Part of the review was not recorded, apparently because the microphone was switched off. While that was unfortunate it can only be regarded as an unintended mistake. The Reviewer would have had absolutely nothing to gain and any suggestion that it was deliberate does not deserve consideration. The appellant's written submissions also pointed to comments by the Reviewer that Mr Grove submitted to this Court showed bias or some form of incompetence. Such an argument is inflated and inappropriate. The Reviewer was fully entitled to make certain observations on aspects of the claim. I have looked at the passages mentioned in Mr Grove's submissions and find them unremarkable in the context of the overall decision. It is possible that there might be a viable argument that the Reviewer could have been wrong in his view of the effect of observations by the Court in Thomas (330/04). But Mr Grove went a step further and put that forward as demonstrating unfairness by the Reviewer, and a breach of the Reviewer's duty of independence. Mr Grove's submission is untenable. If an observation by a Reviewer is wrong, it can be put right on appeal. 
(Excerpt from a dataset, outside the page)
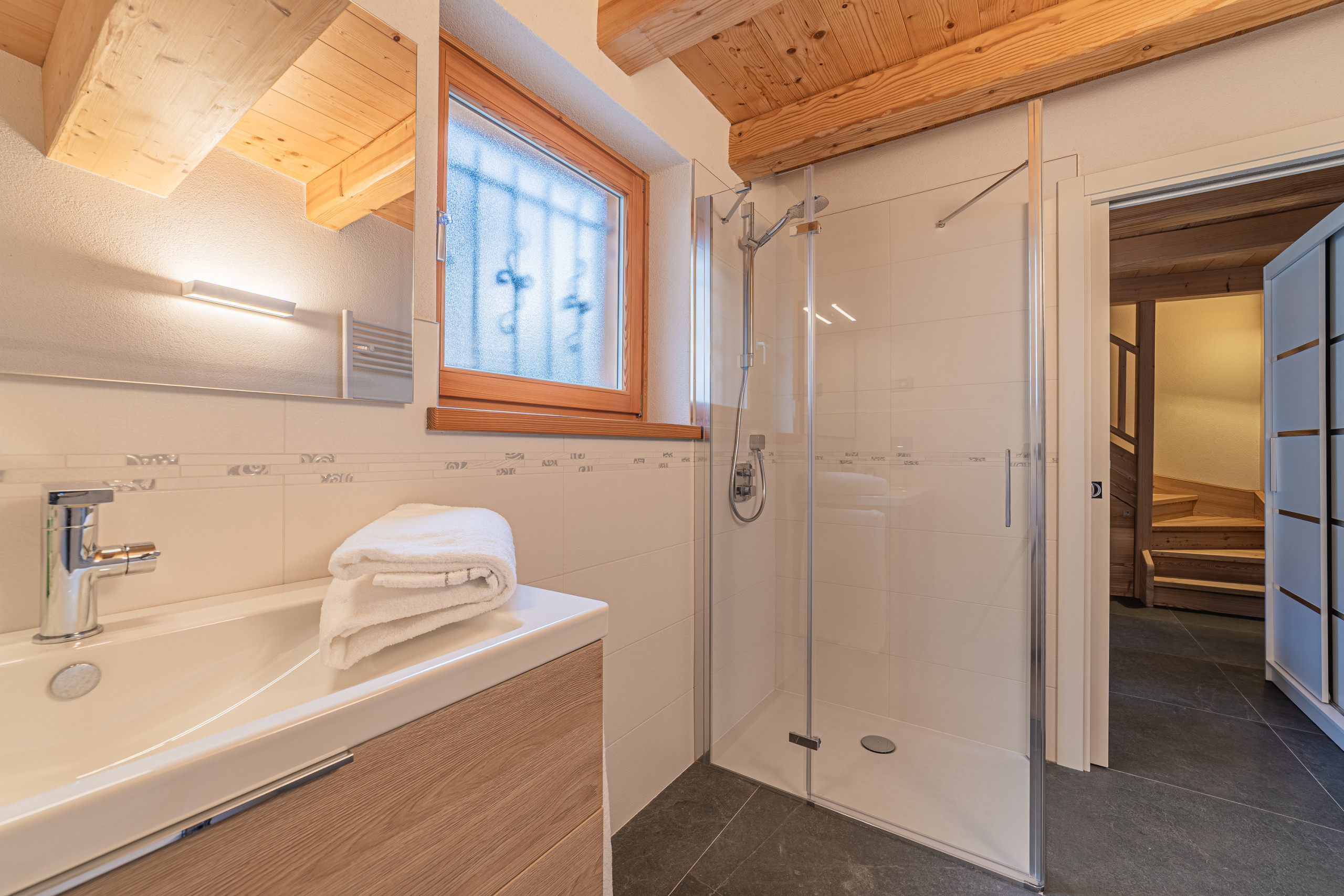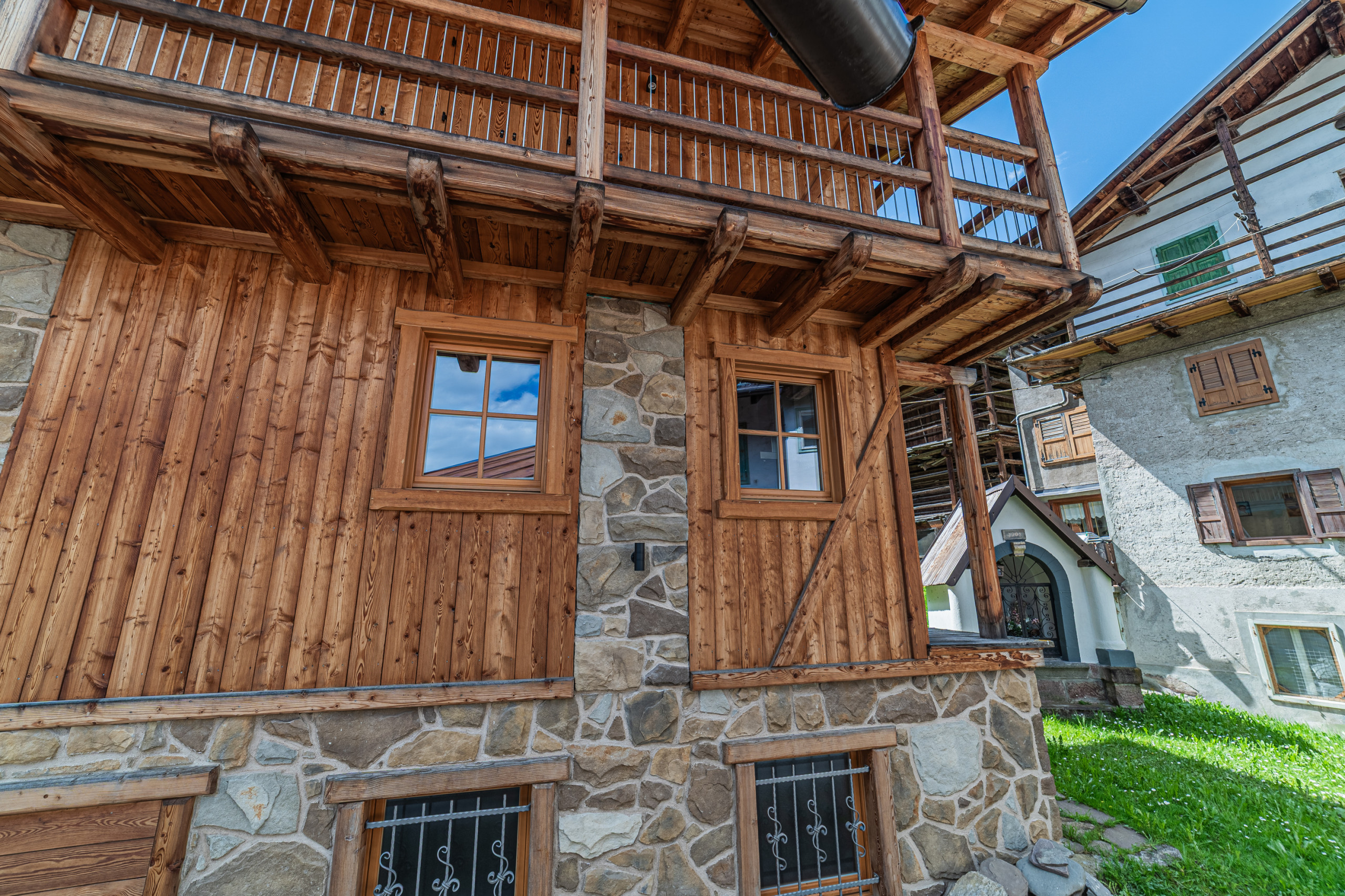 Al piano terra troverete un comodo bagno con doccia, perfetto per rinfrescarsi dopo una giornata di escursioni o sci. Salendo al primo piano, vi accoglie una cucina abitabile ben attrezzata, pensata per preparare ogni pasto con facilità. Il secondo piano ospita la camera matrimoniale con travi a vista e un piccolo bagno aggiuntivo con wc e lavandino.

The appellant asks for interest on arrears of weekly compensation. That is not an unreasonable request, but interest on arrears is closely regulated by the Act. Under s 144, the Corporation is not obliged to pay interest unless it fails to make the required payment of arrears within one month of receiving all information necessary to enable the Corporation to calculate and make the payment. 
The obligation to pay interest depends on fact questions, mainly to identify what information was necessary and when the Corporation received that information. While the questions may appear simple, the answers have often raised difficult arguments. Payment of interest is certainly not a question that the Court can decide on the present application. First there needs to be a primary decision by the Corporation to pay or decline to pay interest in relation to all the arrears or different parts of the arrears. It is regrettable that the claimant has to wait for yet another decision before seeking an appeal remedy but that is dictated by the Act. 
The appeal is now dismissed because the Court has no jurisdiction to decide any of the questions raised by the appellant.